00:58:55   And I want that available,

00:58:56   not just in their Android podcast app.

00:58:57   I want that available in like a search on the web.

00:59:00   the web.

00:59:01   So the search is really good, but they are promoting this as a readability thing, which

00:59:04   makes me raise an eyebrow.

00:59:06   So we'll see.

00:59:07   I mean, that's why it's not in there right now, along with show notes and chapter markers

00:59:10   and all sorts of other things.

00:59:11   And a directory.

00:59:12   Okay, so Google, I'll jump ahead a bit, because they're also talking about setting up an independent

00:59:17   advisory board to advance gender, racial, and geographic equality in podcasting, because

00:59:23   of the shows that they've looked at, they've found, you know, as you would expect, right,

00:59:27   minorities are underrepresented.

00:59:29   But they also talk about something which I don't see very much where outside of US metro

00:59:34   areas for production where shows are actually being made and they will offer extra promotion

00:59:39   to shows that are more diverse in these areas.

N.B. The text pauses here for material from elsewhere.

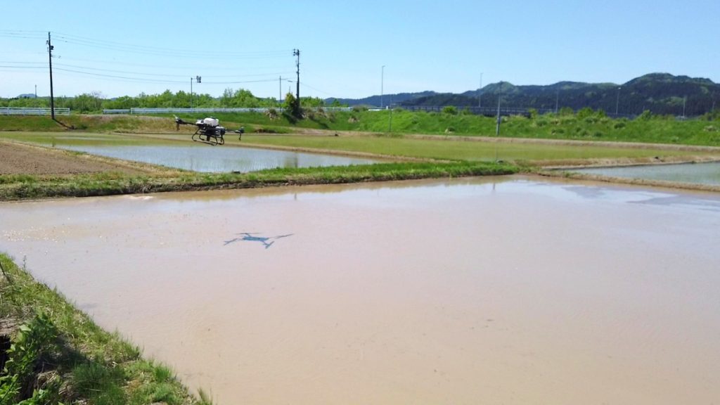 リゾケアがとても優れていて、安心して直播に望めることがわかりました。そして、さらに確実にさらにラクにコストパフォーマンスを上げるため、農業用ドローンのシェアNo. 1で多くの農家さんや散布代行業者が使用する DJI Agras(ディージェイアイ アグラス)シリーズでの播種をぜひオススメしたいのです。

00:59:42   They have nothing more concrete to say about this right now like who is this independent

00:59:46   advisory board and what does more promotion mean?

00:59:49   And I would say especially because they have no directory.

00:59:52   Like there's no visible directory.

00:59:55   It's all search.

00:59:56   So how are they going to promote it?

00:59:57   I don't know.

00:59:58   - It seems like a work in progress

01:00:00   and given Google's previous attempts to embrace podcasting,

01:00:05   which were kind of half-hearted and failed,

01:00:09   I'll believe it when I see it in all of these cases,

01:00:14   but I hope they commit.

01:00:16   The podcasting group inside Apple is very small.

01:00:20   It's a very small group.

01:00:21   We think in the podcasting world,

01:00:23   we think of them as massive

01:00:26   because they are of massive importance

01:00:28   to the podcasting world. Apple's got the number one podcast player. The promotion on the pod,

01:00:33   the podcast app is a huge deal. Like it's super important, but within Apple, they're

01:00:39   a tiny group. Like from the perspective of people who are doing like Apple software and

01:00:46   iTunes, uh, you know, services planning, they're like a little tiny group, which is funny.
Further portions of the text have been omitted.